[EXERCISE GOAL]: Repeat only what runs from the line with "Wisteria's menu offers" through the last line of the data below, both included, keeping every word as it is and leaving out the pictures.

[RECORDED INFORMATION]:
*** Begin section ***

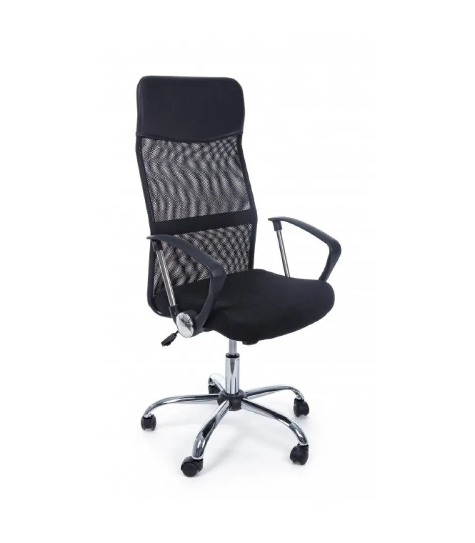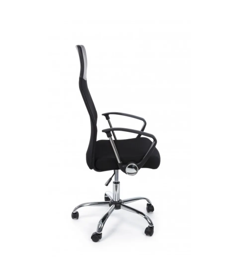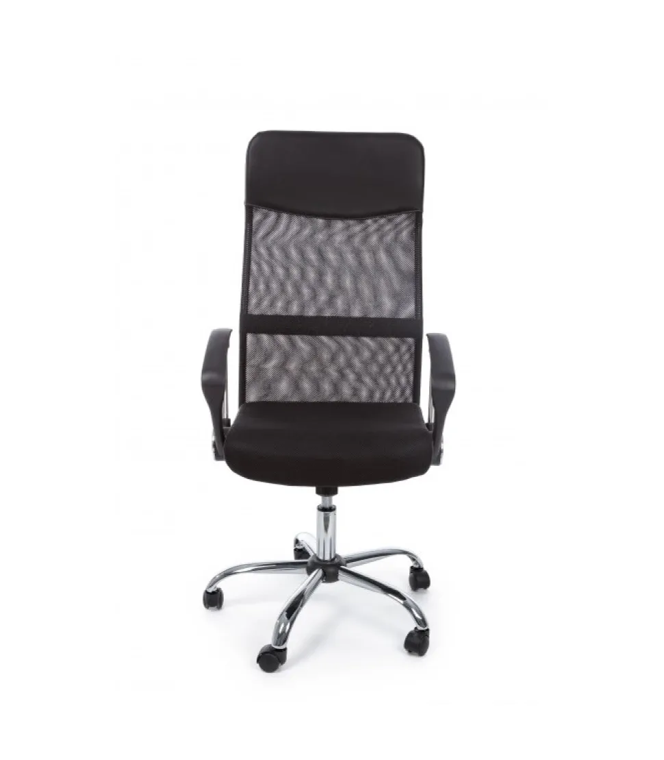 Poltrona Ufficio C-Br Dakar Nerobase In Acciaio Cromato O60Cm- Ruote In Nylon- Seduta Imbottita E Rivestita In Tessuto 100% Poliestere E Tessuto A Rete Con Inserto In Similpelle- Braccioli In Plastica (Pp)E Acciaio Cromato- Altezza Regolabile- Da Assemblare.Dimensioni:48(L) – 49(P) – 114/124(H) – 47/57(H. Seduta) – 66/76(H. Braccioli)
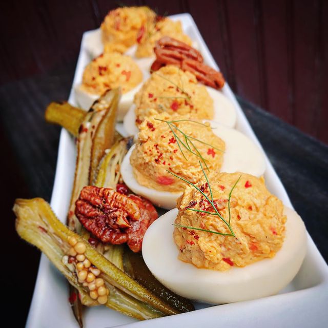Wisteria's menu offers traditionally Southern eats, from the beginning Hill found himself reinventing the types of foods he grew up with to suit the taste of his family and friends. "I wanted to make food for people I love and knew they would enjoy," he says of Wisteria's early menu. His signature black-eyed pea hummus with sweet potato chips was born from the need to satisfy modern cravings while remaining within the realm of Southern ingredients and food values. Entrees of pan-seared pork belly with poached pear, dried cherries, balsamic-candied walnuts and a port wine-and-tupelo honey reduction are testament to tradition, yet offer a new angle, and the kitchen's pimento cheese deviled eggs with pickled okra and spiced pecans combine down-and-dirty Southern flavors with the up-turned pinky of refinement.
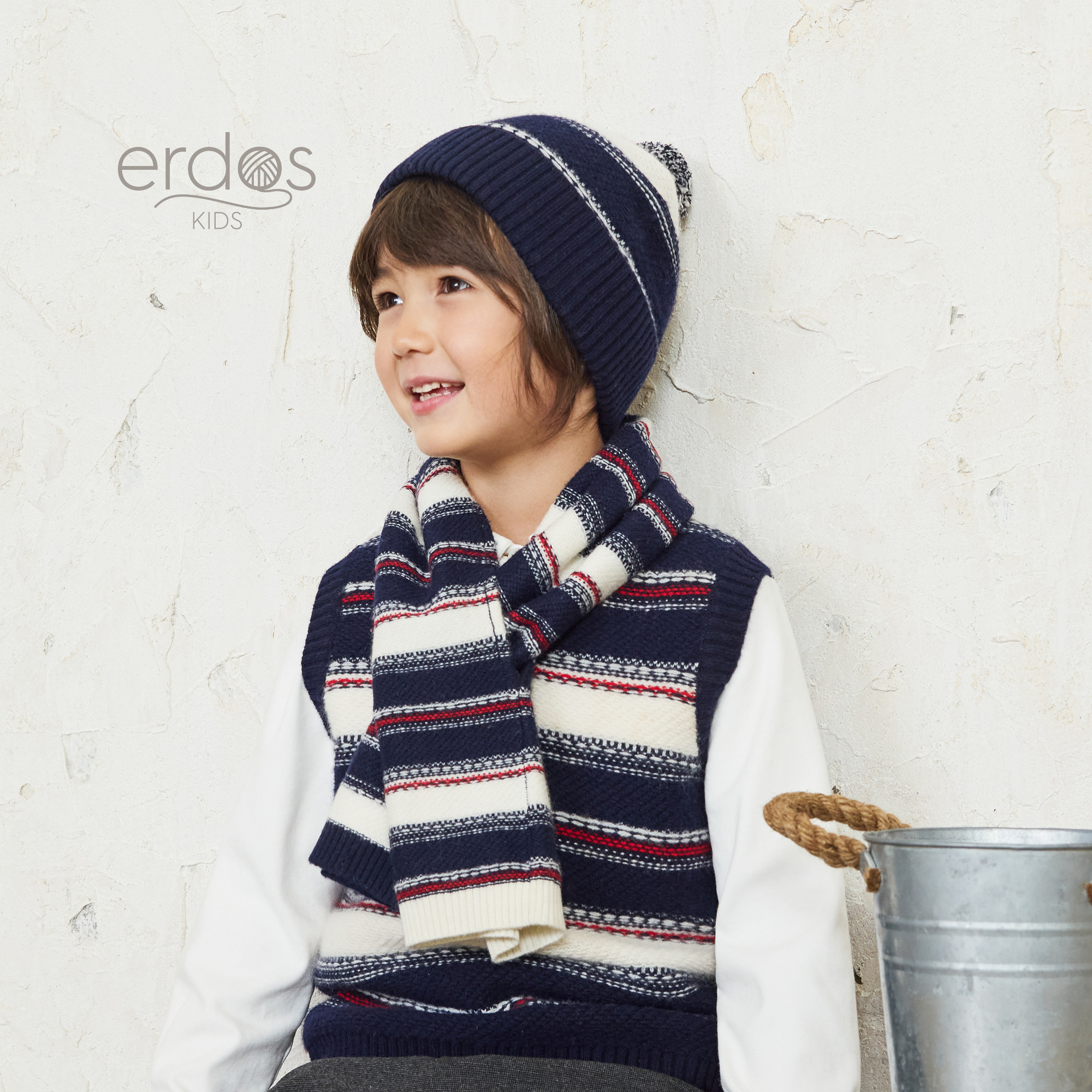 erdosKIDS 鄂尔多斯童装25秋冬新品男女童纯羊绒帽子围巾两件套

*** End section ***

[WRITTEN ANSWER]:
Wisteria's menu offers traditionally Southern eats, from the beginning Hill found himself reinventing the types of foods he grew up with to suit the taste of his family and friends. "I wanted to make food for people I love and knew they would enjoy," he says of Wisteria's early menu. His signature black-eyed pea hummus with sweet potato chips was born from the need to satisfy modern cravings while remaining within the realm of Southern ingredients and food values. Entrees of pan-seared pork belly with poached pear, dried cherries, balsamic-candied walnuts and a port wine-and-tupelo honey reduction are testament to tradition, yet offer a new angle, and the kitchen's pimento cheese deviled eggs with pickled okra and spiced pecans combine down-and-dirty Southern flavors with the up-turned pinky of refinement.
 erdosKIDS 鄂尔多斯童装25秋冬新品男女童纯羊绒帽子围巾两件套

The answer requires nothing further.